Friday, January 29, 2016

The Double Friday Report for Januarys 29th and 22nd, 2016, Because I Missed Last Week



Double the Instagrams, double the fun!
(Click the link to see so many more, you will be BOGGLED)

Good day to you! Last Friday my eldest son gave a presentation at school, so I went to that instead of blogging. I thought I'd just blog on Monday. GUESS HOW THAT WORKED OUT.

Last week, I did some good work on the story I'm writing. I had the realization that, for once, I had started it at a point too far into the story, and it could use a new beginning that would show the inciting incident. Usually it's far too easy to start a story too early in the character's timeline, which can slow down the pace by including unnecessary information. I felt good about figuring that out, but I still didn't know the ending.

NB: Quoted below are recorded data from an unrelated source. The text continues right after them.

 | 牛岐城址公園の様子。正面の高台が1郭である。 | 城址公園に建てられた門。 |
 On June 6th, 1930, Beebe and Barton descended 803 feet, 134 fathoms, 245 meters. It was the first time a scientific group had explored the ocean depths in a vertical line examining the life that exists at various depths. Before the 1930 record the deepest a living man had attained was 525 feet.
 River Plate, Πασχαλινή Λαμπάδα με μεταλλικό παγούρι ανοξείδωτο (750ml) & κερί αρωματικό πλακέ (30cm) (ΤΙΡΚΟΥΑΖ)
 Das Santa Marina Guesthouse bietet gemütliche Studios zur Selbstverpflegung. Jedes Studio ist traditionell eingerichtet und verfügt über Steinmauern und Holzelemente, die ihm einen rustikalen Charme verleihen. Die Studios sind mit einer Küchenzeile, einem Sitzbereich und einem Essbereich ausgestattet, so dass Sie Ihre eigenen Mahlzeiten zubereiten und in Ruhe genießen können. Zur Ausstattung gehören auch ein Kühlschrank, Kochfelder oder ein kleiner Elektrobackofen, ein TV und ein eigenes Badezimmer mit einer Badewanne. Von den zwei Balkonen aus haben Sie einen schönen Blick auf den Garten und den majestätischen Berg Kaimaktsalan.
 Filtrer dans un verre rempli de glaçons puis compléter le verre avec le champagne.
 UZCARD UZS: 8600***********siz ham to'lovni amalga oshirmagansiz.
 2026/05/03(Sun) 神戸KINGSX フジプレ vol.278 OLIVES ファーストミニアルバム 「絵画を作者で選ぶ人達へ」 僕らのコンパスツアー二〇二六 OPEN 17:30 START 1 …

I'm about to do something that's a bit uncomfortable for me, but I've been inspired by Austin Kleon's awesome book, Show Your Work!, so this is his fault. I decided to figure out the ending of my story by writing a sonnet, because I love writing them--they're like making up your own puzzle and solving it as you go along--and I thought it would trick my subconscious mind into revealing a solution for me, which it did. The uncomfortable part is that I don't tend to post this sort of stuff, because it's not finished, it's more like poetic notes, but I'm going to take Kleon's advice and post that sonnet. 

*

A young child weeping helpless on the ground,
And half-hid under bushes, turned away,
Reveals a secret, once she has been found,
Her eyes a mix of power and decay.

A kindness met with slash of sudden claw--
A fever builds, unconsciousness, abyss--
Awake anew and see with horrid awe
The world beneath the surface is amiss.

So enter, now, the traveling milieu
Where poison--posed as healing--fakers give,
Then thread the maze, a pathway shown to few,
And heal the sickness, only then to live.

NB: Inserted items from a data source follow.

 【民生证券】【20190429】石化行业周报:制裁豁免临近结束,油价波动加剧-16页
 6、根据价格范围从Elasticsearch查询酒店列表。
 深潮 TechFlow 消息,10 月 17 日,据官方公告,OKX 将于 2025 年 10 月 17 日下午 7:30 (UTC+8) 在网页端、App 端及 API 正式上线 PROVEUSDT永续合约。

The wound received has turned into a gift,
The wicked ones returned back through the rift.

*

This is not a sonnet that tells a story clearly by itself, but it's like a message from my subconscious mind to me. A few of the lines came out as complete surprises that showed me exactly what to do in the story, and now I know my ending. I still have to write it all out, but I do much better with that part once I have an outline, no matter what form the outline takes.

My projects:

Writing: I've written over 3,000 words on the story, and I would like to finish a rough draft of about 6,000 words total by the end of next week. 

Reading: 
January's Other Project: My new office. I've moved furniture around and hung an organizer thingy on the wall--it's a chalkboard on one half, and has wire mesh to clip things on with mini clothespins on the other half. I have yet to assemble my new desk, office chair, and small set of shelves, but there's not much procrastination between me and those tasks!




Friday, January 15, 2016

The Friday Report for January 15, 2016


This is one of the two images I posted on my Instagram page this week. 
(I know I SAID I'd only do one per week, but sometimes I need to make more art!)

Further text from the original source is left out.